Navigating World History

Navigating World History
Author :
Publisher : Springer
Total Pages : 427
Release :
ISBN-10 : 9781403973856
ISBN-13 : 1403973857
Rating : 4/5 (56 Downloads)

Synopsis Navigating World History by : P. Manning

World history has expanded dramatically in recent years, primarily as a teaching field, and increasingly as a research field. Growing numbers of teachers and Ph.Ds in history are required to teach the subject.
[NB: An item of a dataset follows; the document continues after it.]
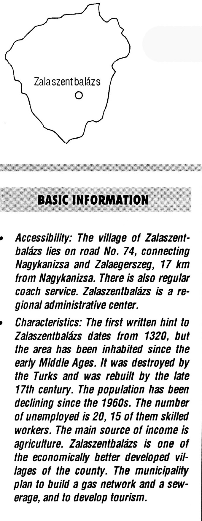 Nyilvános 2490 | 6506 | Zalaszentbalázs | BASIC INFORMATION Accessibility: The village of Zalaszentbalázs lies on road No. 74, connecting Nagykanizsa and Zalaegerszeg, 17 km from Nagykanizsa. There is also regular coach service. Zalaszentbalázs is a regional administrative center. Characteristics: The first written hint to Zalaszentbalázs dates from 1320, but the area has been inhabited since the early Middle Ages. It was destroyed by the Turks and was rebuilt by the late 17th century. The population has been declining since the 1960s. The number of unemployed is 20,15 of them skilled workers. The main source of income is agriculture. Zalaszentbalázs is one of the economically better developed villages of the county. The municipality plan to build a gas network and a sewerage, and to develop tourism. This text came from the following book: Title: Handbook of Zala county (Zala megye kézikönyve) Series: County handbooks of Hungary (Magyarország megyei kézikönyvei) Chief editor: Hóbor József Publisher: (Hatvan), CEBA-Hungary Ltd, 1998 ETO: 908.439.121(035) ; 050.8(439.121) ISBN: 963-9089-18-2 Pages: 488-1040 p. Remark: Closed on: 1998. márc. 31. |

They must be current on topics from human evolution to industrial development in Song-dynasty China to today's disease patterns - and then link these disparate topics into a coherent course. Numerous textbooks in print and in preparation summarize the field of world history at an introductory level. But good teaching also requires advanced training for teachers, and access to a stream of new research from scholars trained as world historians. In this book, Patrick Manning provides the first comprehensive overview of the academic field of world history. He reviews patterns of research and debate, and proposes guidelines for study by teachers and by researchers in world history.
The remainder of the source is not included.